I’ve shared strategies to realign your circadian rhythms here before. But whether your goal is to become an early riser permanently, or to maintain the sleep-wake cycle you currently have through yet another seasonal time change, now is the perfect time to revisit them…
Four simple steps to adjust your clock
1.) Keep it dark at night. One of the biggest sleep disruptors is blue light—from your television, computer, tablet, or phone. This light sends a signal to your pineal gland, instructing it to stop generating the sleep hormone melatonin. As a result, this keeps your brain awake and active, setting the stage for a night of tossing and turning.
That’s why eliminating exposure to electronics is particularly important before bedtime. (At the very least, you can switch on the nighttime feature on your devices—so that the screen automatically becomes dimmer and switches to a warmer hue. But ultimately, I recommend refraining from use at least one hour prior to bedtime.)
Another thing you might want to consider is avoiding shopping in the evening hours. That’s because a lot of stores have switched to using blue LED lights to keep things brighter. Outdoor lighting can also mess up your natural sleep-wake cycles—especially if you live in a city, like I do. So, I recommend taking steps to minimize these external exposures. I personally use blackout shades and a sleep mask.
2.) Get plenty of sunshine in the morning. One thing you should get is more sun exposure in the morning (and throughout the day). Opening the shades and getting outside after sunrise will ensure that your body is getting its “wake up” signals when it needs them. And believe it or not, this early morning sunshine exposure ultimately helps when it’s time to wind down in the evening, too.
3.) Engage in exercise—any time of the day.
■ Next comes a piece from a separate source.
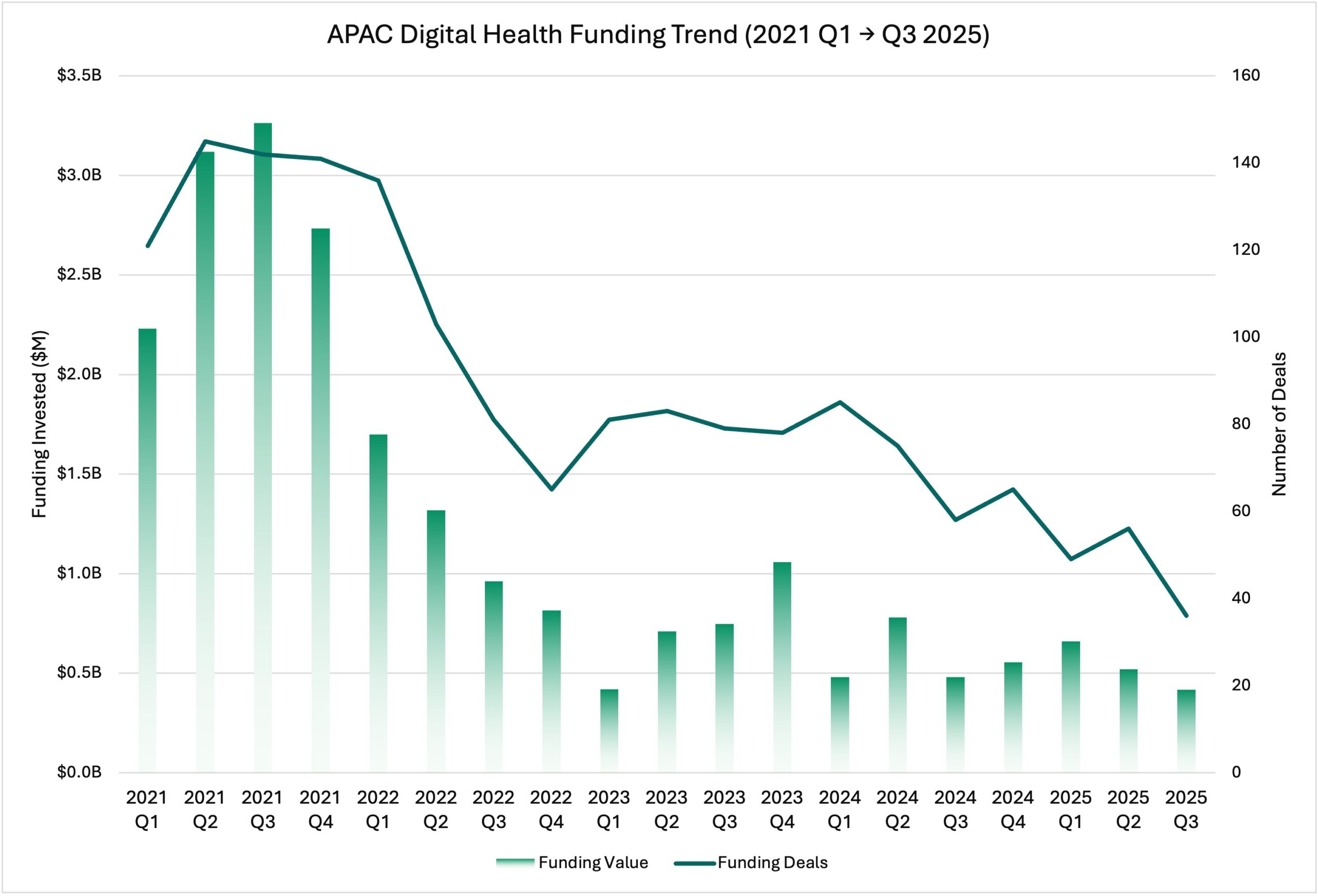 Collectively, these clusters accounted for nearly 70% of all APAC Q3 funding, underscoring a shift from wellness apps to regulated, clinical-grade innovation.

Laboratory research shows that exercise helps stabilize circadian rhythms in older mice. And that younger mice who stop exercising suffer the same circadian disruptions as their older counterparts.4 So, as I always recommend, get some daily exercise. It doesn’t matter whether you’re inside or outside, either. (And with cold weather returning, that probably comes as a relief.)
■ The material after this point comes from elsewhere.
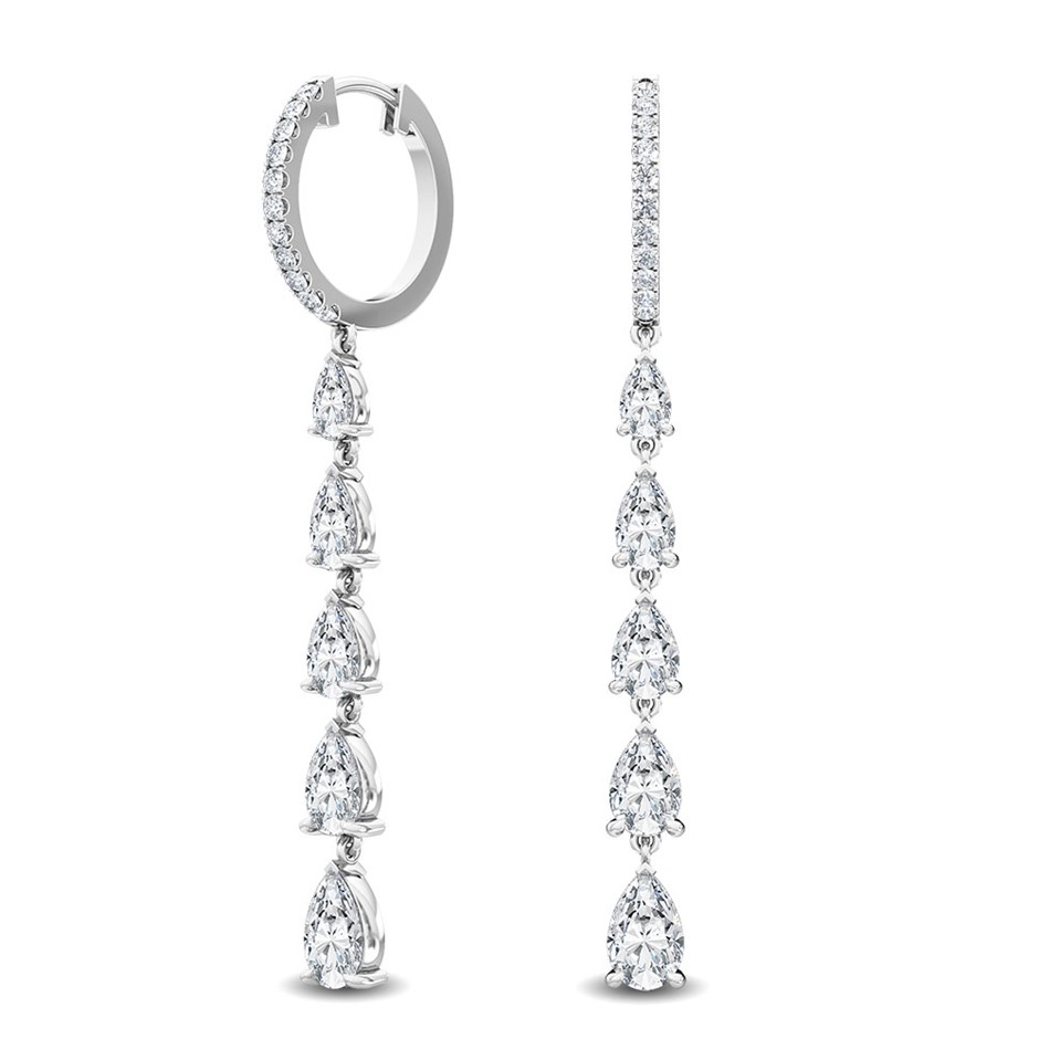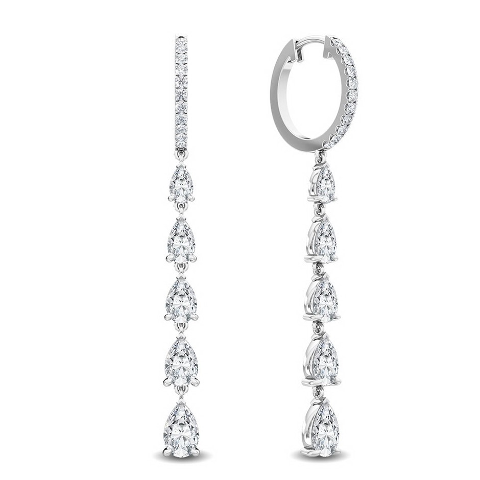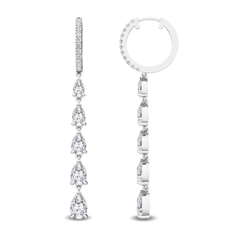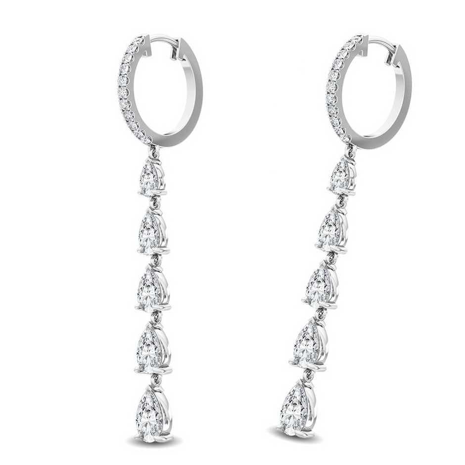 18K White Gold Diamond Hoop Drop Earrings

4.) Embrace an early bedtime—and take melatonin, if you need it. If you’re already an early riser, don’t hesitate to bump your bedtime up while you adjust to the time change. But recovering night owls, on the other hand, should embrace the opportunity to start keeping earlier hours. If you’re having trouble making that extra hour stick, don’t be afraid to supplement with melatonin to help you fall asleep. I recommend starting with 3 mg an hour before bedtime, as needed.
These sensible lifestyle interventions can go a long way in helping you not only combat the mood disruptions that may accompany a seasonal time change—but a whole host of health concerns, too. Because as I’m always telling you, proper rest is crucial to good health. Aim for seven to nine hours of quality shuteye, each night. And remember to allow yourself some grace as we all plunge into the dark, long days of winter.
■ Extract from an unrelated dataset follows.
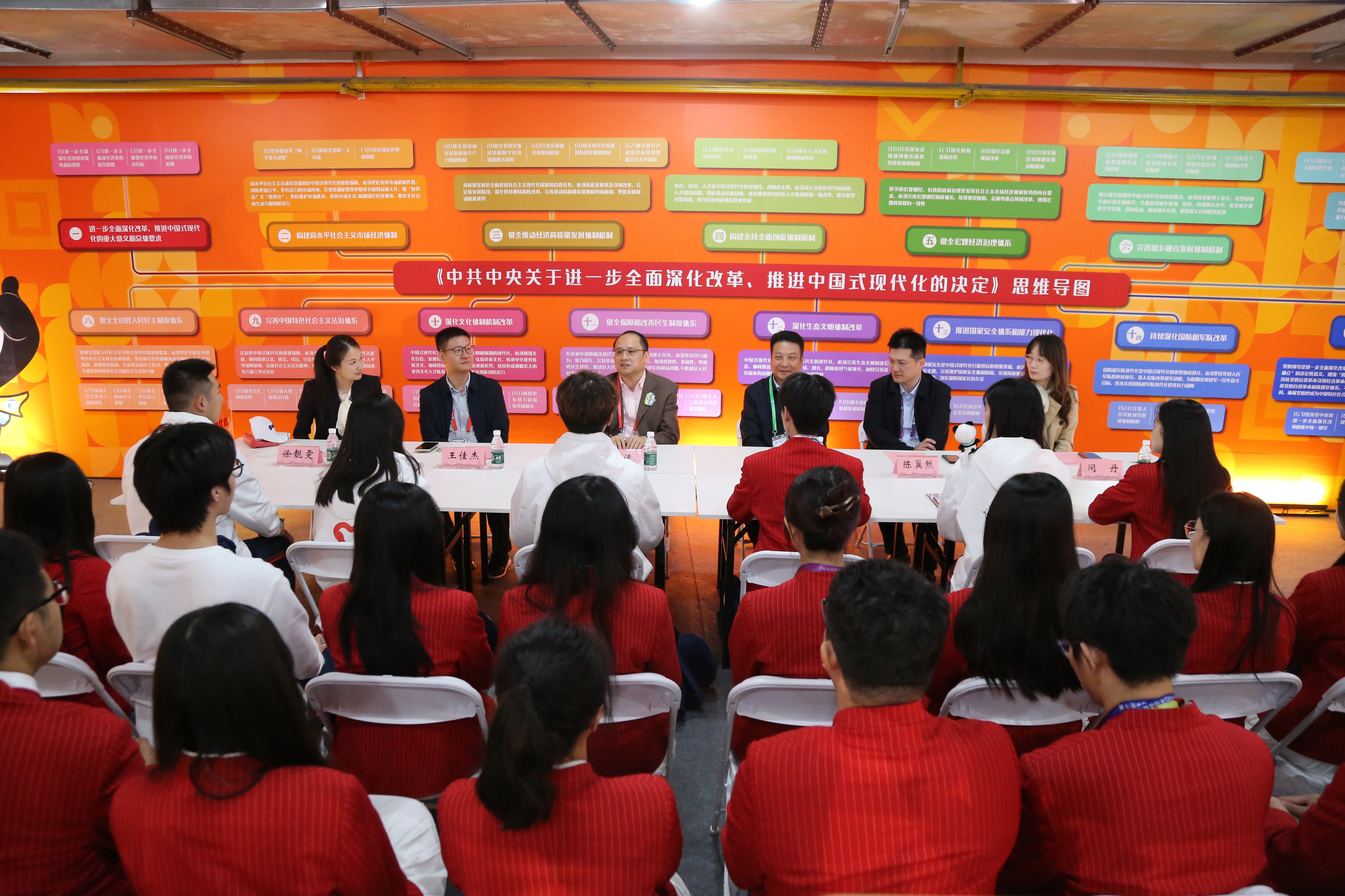 俞涛校长在志愿者之家学习园地,为“小叶子”们讲授“青春筑梦:青年在强国复兴中的责任与担当”思政课。俞涛校长提到,作为进博志愿者,“小叶子”们应深刻认识到参与进博会的重要意义,切身感悟到进博会对上海及中国的重要意义。作为国家对外开放的重要平台,进博会不仅是展示中国开放姿态的窗口,更是推动全球经济合作的桥梁。俞涛校长鼓励“小叶子”们,要以参与本届进博会志愿服务的经历为契机,深度参与人民城市建设、强国复兴建设,坚持“敢想”“敢做”“敢为”,在奉献中学习,在学习中成长,在成长中作出新的贡献。

- O’Loughlin J, et al.“Using MendelianRandomisation methods to understand whether diurnal preference is causally related to mental health.” Molecular Psychiatry, 2021; DOI: 10.1038/s41380-021-01157-3
- Vetter C, et al. “Prospective study of chronotype and incident depression among middle- and older-aged women in the nurses’ Health Study II.”Journal of Psychiatric Research, 2018; DOI:10.1016/j.jpsychires.2018.05.022
- DaghlasI, et al. “Genetically Proxied Diurnal Preference, Sleep Timing, and Risk of Major Depressive Disorder.” JAMA Psychiatry, 2021; DOI: 10.1001/jamapsychiatry.2021.0959
- Gu C, et al. “Lack of exercise leads to significant and reversible loss of scale invariance in both aged and young mice.”Proc NatlAcad Sci U S A. 2015 Feb 24;112(8):2320-4.